MATERIAL PROVIDED:
"""

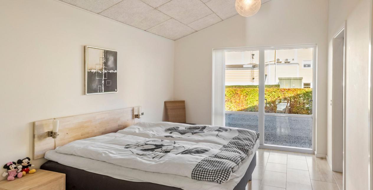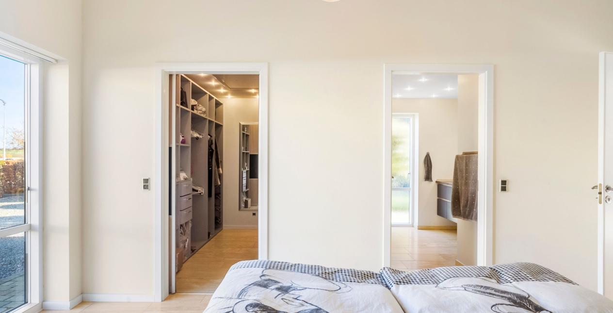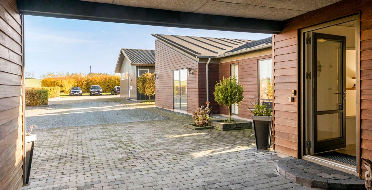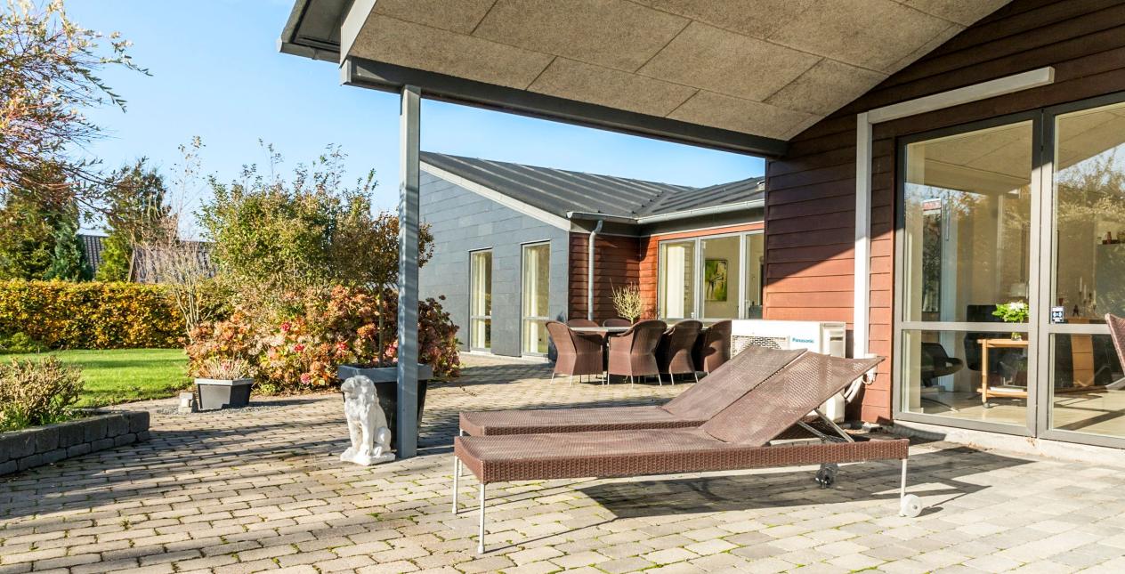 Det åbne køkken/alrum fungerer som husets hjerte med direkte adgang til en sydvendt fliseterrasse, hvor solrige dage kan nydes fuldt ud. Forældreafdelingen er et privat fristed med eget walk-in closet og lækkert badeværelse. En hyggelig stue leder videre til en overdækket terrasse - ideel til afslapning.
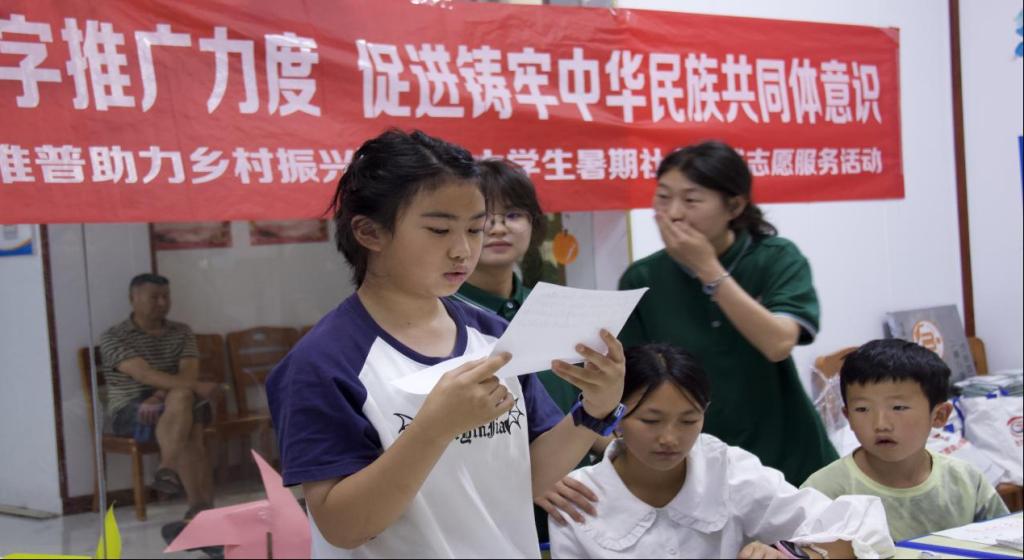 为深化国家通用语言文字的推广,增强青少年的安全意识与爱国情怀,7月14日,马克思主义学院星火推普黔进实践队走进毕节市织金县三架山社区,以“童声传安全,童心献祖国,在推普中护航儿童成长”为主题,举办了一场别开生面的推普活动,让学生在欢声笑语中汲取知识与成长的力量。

"""
"""

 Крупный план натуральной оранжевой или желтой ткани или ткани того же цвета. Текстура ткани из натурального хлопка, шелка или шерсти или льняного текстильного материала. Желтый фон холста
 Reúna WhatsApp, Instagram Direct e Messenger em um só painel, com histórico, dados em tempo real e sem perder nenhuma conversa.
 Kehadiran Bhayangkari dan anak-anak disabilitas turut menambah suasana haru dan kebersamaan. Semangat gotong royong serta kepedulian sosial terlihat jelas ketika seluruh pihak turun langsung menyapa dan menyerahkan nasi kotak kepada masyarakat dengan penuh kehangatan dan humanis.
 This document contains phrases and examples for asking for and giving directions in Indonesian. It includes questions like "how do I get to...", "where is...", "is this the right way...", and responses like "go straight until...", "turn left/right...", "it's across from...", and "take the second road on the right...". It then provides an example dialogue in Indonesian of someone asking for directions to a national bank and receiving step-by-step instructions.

"""

YOUR OBJECTIVE:
When you reach the line in the material above that holds "Крупный план натуральной", begin reproducing lines exactly, and stop after the line that holds "Kehadiran Bhayangkari dan".

EXERCISE RESULT:
 Крупный план натуральной оранжевой или желтой ткани или ткани того же цвета. Текстура ткани из натурального хлопка, шелка или шерсти или льняного текстильного материала. Желтый фон холста
 Reúna WhatsApp, Instagram Direct e Messenger em um só painel, com histórico, dados em tempo real e sem perder nenhuma conversa.
 Kehadiran Bhayangkari dan anak-anak disabilitas turut menambah suasana haru dan kebersamaan. Semangat gotong royong serta kepedulian sosial terlihat jelas ketika seluruh pihak turun langsung menyapa dan menyerahkan nasi kotak kepada masyarakat dengan penuh kehangatan dan humanis.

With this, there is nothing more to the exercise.